Harnessing the Power of Multicloud
To cut to the chase: Workday runs in multiple public clouds. Being multicloud allows us to pick and choose the best capabilities from the innovation race that’s taking place across vendors as they make multibillion-dollar investments in the public cloud. Indeed, we’ve made our own significant investments into our multicloud framework, which is built on Google Kubernetes Engine (GKE), giving us the ability to leverage the best of public cloud capabilities while providing flexibility to our customers.
Already, we offer customers the option to run our Workday Financial Management and Workday Human Capital Management (HCM) applications on AWS in the U.S., Canada, Singapore, Germany, and Australia. Additionally, Workday Financial Management and Workday HCM are available on Google Cloud in selected markets. Our goal is to continue to add additional products and regions to support our global strategic growth initiatives.
The significant capital investments made by public cloud providers and the resulting breadth of functionality is compelling. We aim to take advantage of these capabilities both to enhance the core Workday service as well as to leverage foundational tools such as artificial intelligence (AI) and machine learning (ML) capabilities. We’re partnering with public cloud vendors that provide the most innovative, compelling capabilities—such as Amazon Aurora, GKE, and more—so that we can deliver competitive advantages to our customers, particularly around AI and ML.
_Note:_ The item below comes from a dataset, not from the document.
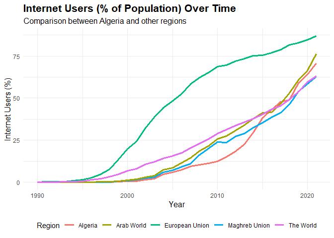 % of Algerian population using internet compared to other regions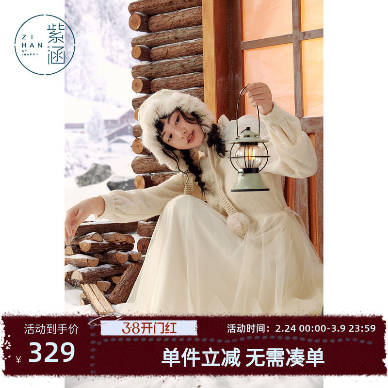 紫涵针织拼接网纱连衣裙女冬季新款设计感羊毛提花收腰显瘦a字裙

By collaborating with public cloud providers, we leverage their extensive infrastructure and capabilities to enhance our AI services. This enables our customers to use various AI and ML capabilities such as advanced analytics, intelligent automation, and predictive insights—unlocking faster innovation, scalability, and ROI.
A great example of this is with our first iterations of document-understanding applications, such as expense receipt optical character recognition (OCR), which was based on technology that we built in-house. OCR uses AI and ML to streamline a number of manual processes and remove the need for data entry by humans, such as expense receipt scanning and supplier invoice scanning. Today, we now utilize Google Cloud’s Procurement DocAI solution for OCR.
Similarly, rather than build and maintain specialized compute and storage infrastructure specifically for ML development, we leverage infrastructure services in AWS to meet those needs.
We want to focus our efforts where they bring the greatest value to our customers. In addition to continuing to build cutting-edge capabilities on our own, we also leverage innovation infrastructure from our partners. In other words, Workday features that complement the core Workday service, such as OCR, may leverage and integrate with several public cloud providers—providing best-in-class capabilities while protecting customer data and complying with regulatory requirements.
We know, though, that the use of a provider’s cloud services should be approached thoughtfully. While multicloud portability is required over time, we’re looking beyond the lowest common denominator of price per unit of compute/storage/networking and instead looking at overall value to our customers’ business.